## SOURCE MATERIAL
((
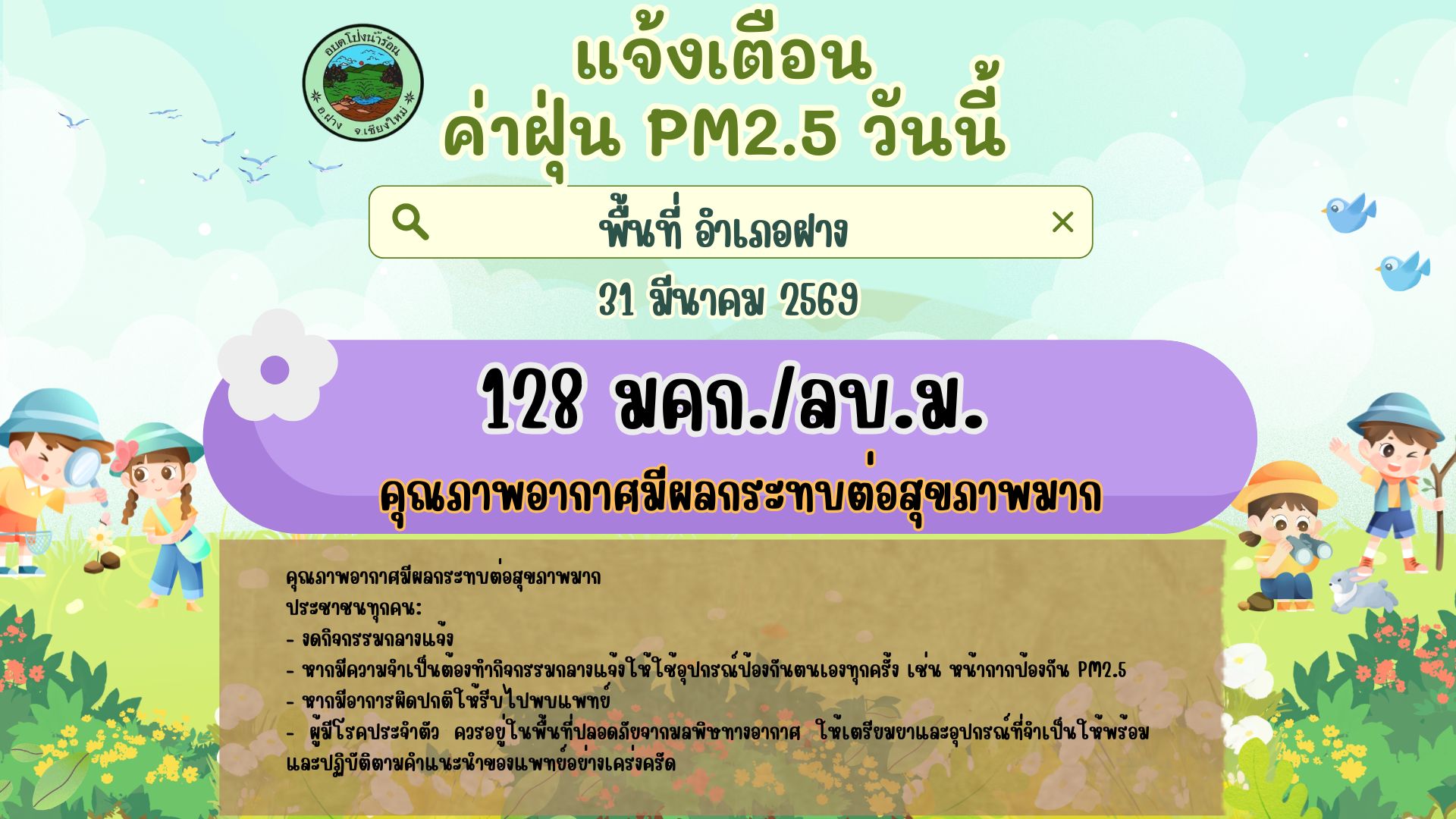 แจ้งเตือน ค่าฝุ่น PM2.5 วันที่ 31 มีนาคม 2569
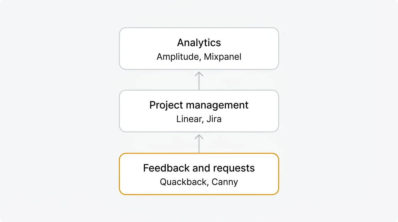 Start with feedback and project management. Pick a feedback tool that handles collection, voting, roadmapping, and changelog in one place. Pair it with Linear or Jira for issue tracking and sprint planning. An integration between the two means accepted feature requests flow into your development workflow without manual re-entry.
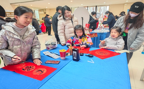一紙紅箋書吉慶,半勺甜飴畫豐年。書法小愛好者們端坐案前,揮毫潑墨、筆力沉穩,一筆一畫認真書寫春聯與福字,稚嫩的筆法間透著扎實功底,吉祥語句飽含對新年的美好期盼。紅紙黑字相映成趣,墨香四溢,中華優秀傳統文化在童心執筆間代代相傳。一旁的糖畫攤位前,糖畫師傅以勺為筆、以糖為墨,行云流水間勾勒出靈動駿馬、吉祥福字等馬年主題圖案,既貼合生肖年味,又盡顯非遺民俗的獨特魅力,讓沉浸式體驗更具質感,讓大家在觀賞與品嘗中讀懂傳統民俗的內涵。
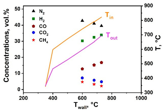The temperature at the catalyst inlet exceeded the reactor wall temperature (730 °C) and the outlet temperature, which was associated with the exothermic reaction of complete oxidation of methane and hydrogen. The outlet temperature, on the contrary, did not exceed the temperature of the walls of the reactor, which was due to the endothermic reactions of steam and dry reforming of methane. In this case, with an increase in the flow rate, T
))
((
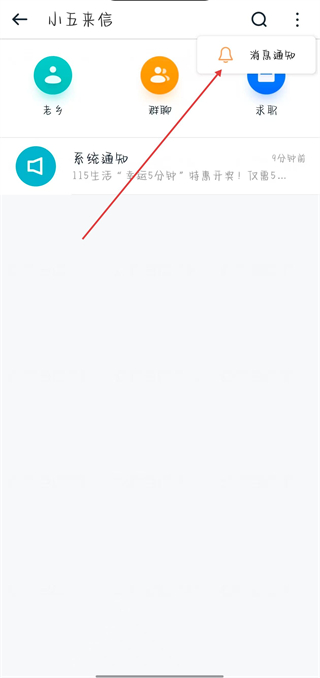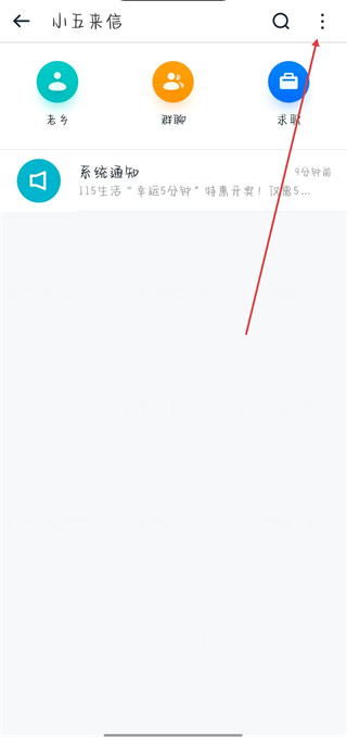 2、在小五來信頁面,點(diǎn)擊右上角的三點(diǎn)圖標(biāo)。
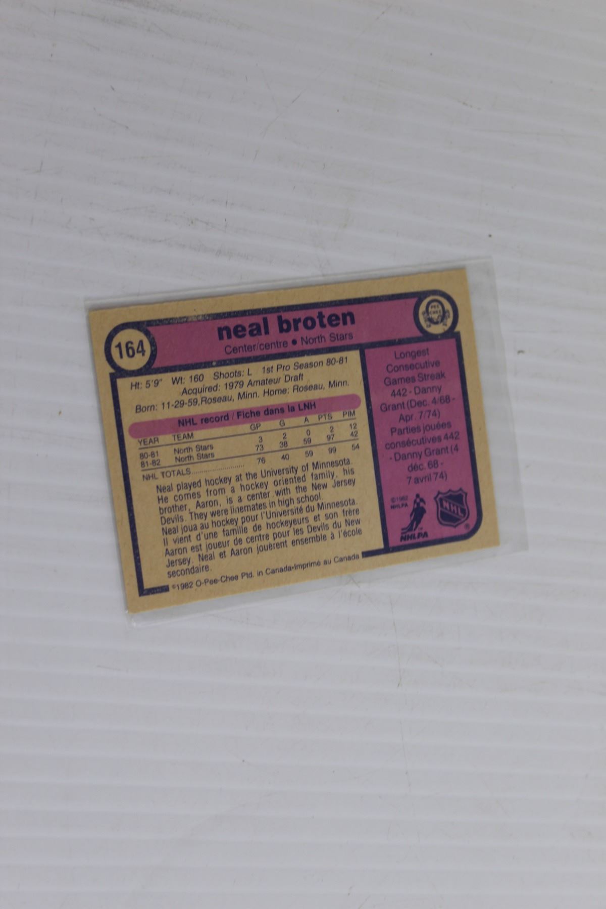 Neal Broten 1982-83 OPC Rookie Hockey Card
))
((
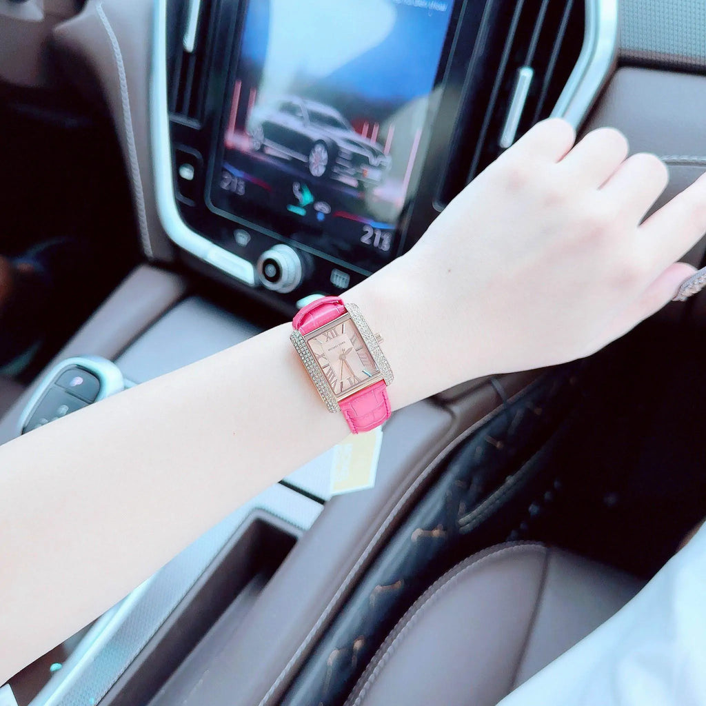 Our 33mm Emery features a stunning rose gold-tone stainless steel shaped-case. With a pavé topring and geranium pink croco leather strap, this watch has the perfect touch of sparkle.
))
## DIRECTIONS
I'd like the lines above repeated exactly, from the one that contains "แจ้งเตือน ค่าฝุ่น PM2.5" through the one that contains "The temperature at", with no pictures.

## EXERCISE RESULT
 แจ้งเตือน ค่าฝุ่น PM2.5 วันที่ 31 มีนาคม 2569
 Start with feedback and project management. Pick a feedback tool that handles collection, voting, roadmapping, and changelog in one place. Pair it with Linear or Jira for issue tracking and sprint planning. An integration between the two means accepted feature requests flow into your development workflow without manual re-entry.
一紙紅箋書吉慶,半勺甜飴畫豐年。書法小愛好者們端坐案前,揮毫潑墨、筆力沉穩,一筆一畫認真書寫春聯與福字,稚嫩的筆法間透著扎實功底,吉祥語句飽含對新年的美好期盼。紅紙黑字相映成趣,墨香四溢,中華優秀傳統文化在童心執筆間代代相傳。一旁的糖畫攤位前,糖畫師傅以勺為筆、以糖為墨,行云流水間勾勒出靈動駿馬、吉祥福字等馬年主題圖案,既貼合生肖年味,又盡顯非遺民俗的獨特魅力,讓沉浸式體驗更具質感,讓大家在觀賞與品嘗中讀懂傳統民俗的內涵。
The temperature at the catalyst inlet exceeded the reactor wall temperature (730 °C) and the outlet temperature, which was associated with the exothermic reaction of complete oxidation of methane and hydrogen. The outlet temperature, on the contrary, did not exceed the temperature of the walls of the reactor, which was due to the endothermic reactions of steam and dry reforming of methane. In this case, with an increase in the flow rate, T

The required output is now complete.